*** Records shown

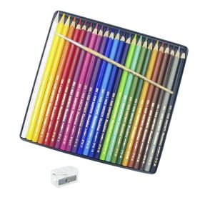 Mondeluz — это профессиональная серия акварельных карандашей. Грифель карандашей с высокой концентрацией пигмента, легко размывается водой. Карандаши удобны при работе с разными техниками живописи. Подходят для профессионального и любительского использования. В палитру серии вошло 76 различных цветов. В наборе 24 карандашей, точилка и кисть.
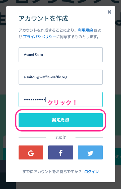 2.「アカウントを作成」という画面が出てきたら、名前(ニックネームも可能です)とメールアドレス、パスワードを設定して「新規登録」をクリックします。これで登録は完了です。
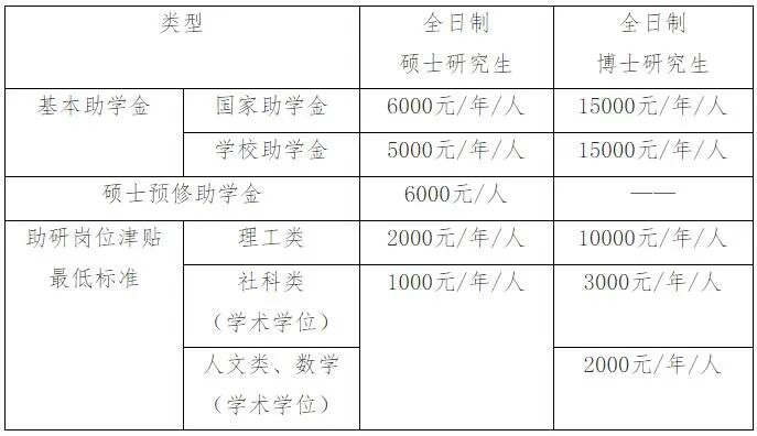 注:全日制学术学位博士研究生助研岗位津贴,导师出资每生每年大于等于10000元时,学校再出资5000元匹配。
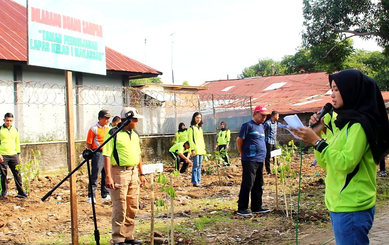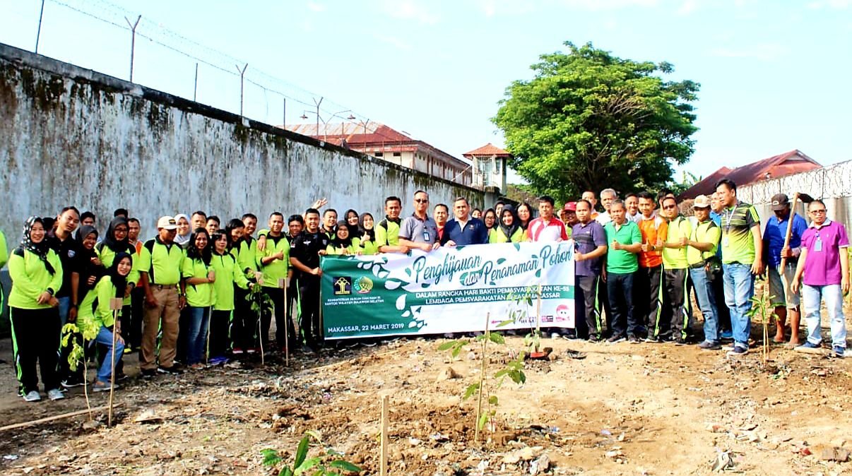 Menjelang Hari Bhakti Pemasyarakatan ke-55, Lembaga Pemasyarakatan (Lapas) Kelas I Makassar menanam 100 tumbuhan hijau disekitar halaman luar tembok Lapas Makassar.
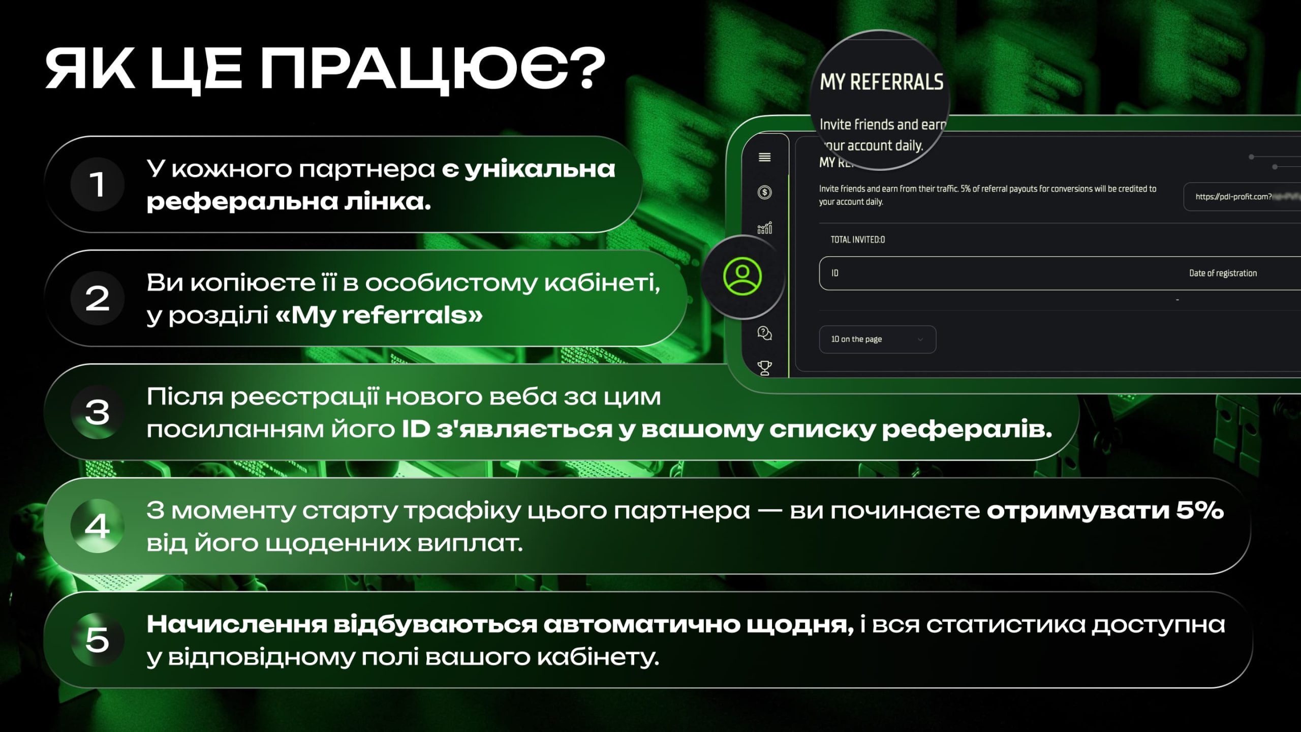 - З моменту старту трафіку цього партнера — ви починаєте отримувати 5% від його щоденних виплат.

******

Working from the line with "Menjelang Hari Bhakti" down through the last line of the records, give every line again exactly, but no pictures.

Exercise solution:
 Menjelang Hari Bhakti Pemasyarakatan ke-55, Lembaga Pemasyarakatan (Lapas) Kelas I Makassar menanam 100 tumbuhan hijau disekitar halaman luar tembok Lapas Makassar.
 - З моменту старту трафіку цього партнера — ви починаєте отримувати 5% від його щоденних виплат.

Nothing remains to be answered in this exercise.